Montursi (Mendurse in Bari dialect, or Murgia, as the whole region is commonly called) is a frazione or section of the comune of Gioia del Colle, in the Province of Bari, Apulia, southern Italy. It has approximately 700 inhabitants.

The neighbouring settlements are Castellaneta, Laterza, Mottola (all in the Province of Taranto), Matera (in the Province of Matera) and Santeramo in Colle (in Bari).

==Location==
Montursi is located on the provincial highway between Goia del Colle and Laterza, on the slopes of the Murgia plateau, in an area of steep slopes characterised by the presence of numerous hardwood trees (European oak, Macedonian oak, downy oak) and pine woods; the chapel of Saint Joseph the Worker at Montursi is located in these woods. Since 1959 his festival has been celebrated there on 1 May.

In recent years the pine woods have been improved by the addition of a picnic area, a sports park and an exercise course. Also in the pine woods are buildings that formerly served as the local elementary school and post office, which are today used as places of assembly during the traditional festivities. There is also still an artesian well, used as a water source by farmers.

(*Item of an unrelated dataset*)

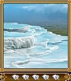 土耳其西部的廣闊石灰華段丘,也被叫做棉花宮殿。白色的岩冗看地起來像棉花一樣膨脹,還有噴湧出的溫泉形成一幅美麗的光景。山丘上有著希拉波利斯遺跡,在羅馬帝國時曾經是繁榮的度假地。
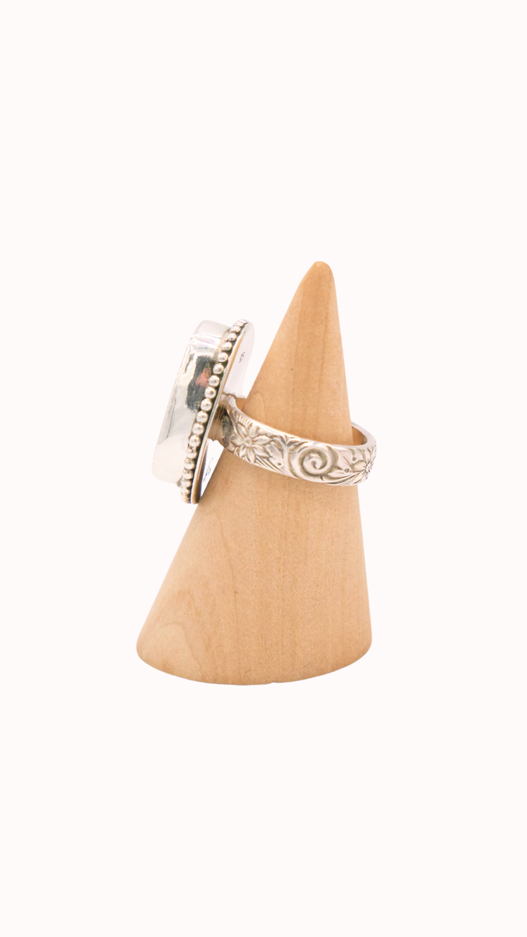 Hand shattered antique china featuring yellow chick and pink flower. Set in serrated Sterling Silver bezel with beaded border on a wide half-round band with floral detailing.

At an altitude of over 400 metres, Montursi constitutes the highest part of the comune of Gioia del Colle. The peculiarity of the location, between Alta Murgia National Park and Ravines Park, is that it represents a synthesis characteristic of the interior acidic Murgia, in which, in contrast to the typical pseudo-steppe which distinguishes the hillsides in the acidic land, which are called Toppe, from the karst topography (hollows, ravines and caves) and from wooded areas, the landscape has been affected by human activity on the part of farmers, who have made the acidic ground fertile by tilling and made the landscape hospitable by constructing the numerous farms, rural dwellings, and agricultural enterprises that have come to characterise the regional economy: Toppe di Montursi, Grottacaprara, Lamie Nuove, Murgia Faccia Rossa, Murgia FraGennaro, Purgatorio and Masseria del Porto. Emblematic of this is the pig-enclosure in the regional style (called a jazzo) in the pine wood at Grottacaprara, which is within easy reach of the evocative ravine called Gravina Del Porto.

==Flora and fauna==
Protected species include the lesser kestrel (Falco naumanni) and the orchid. There are numerous foxes, and a rich and numerous variety of bird species.

==History==
The area has been inhabited since the Paleolithic, as is shown by the discovery of about thirty dolmen burials which can be dated to the 13th to the 12th centuries BCE, of the types: gallery dolmen tomb, dolmen tumulus with rectangular cell, and pseudo-dolmen cell. At Murgia San Francesco is La Castelluccia, a settlement of the Peucetii dating back to the 6th century BCE; it flourished in the Hellenistic period and declined in the Roman period.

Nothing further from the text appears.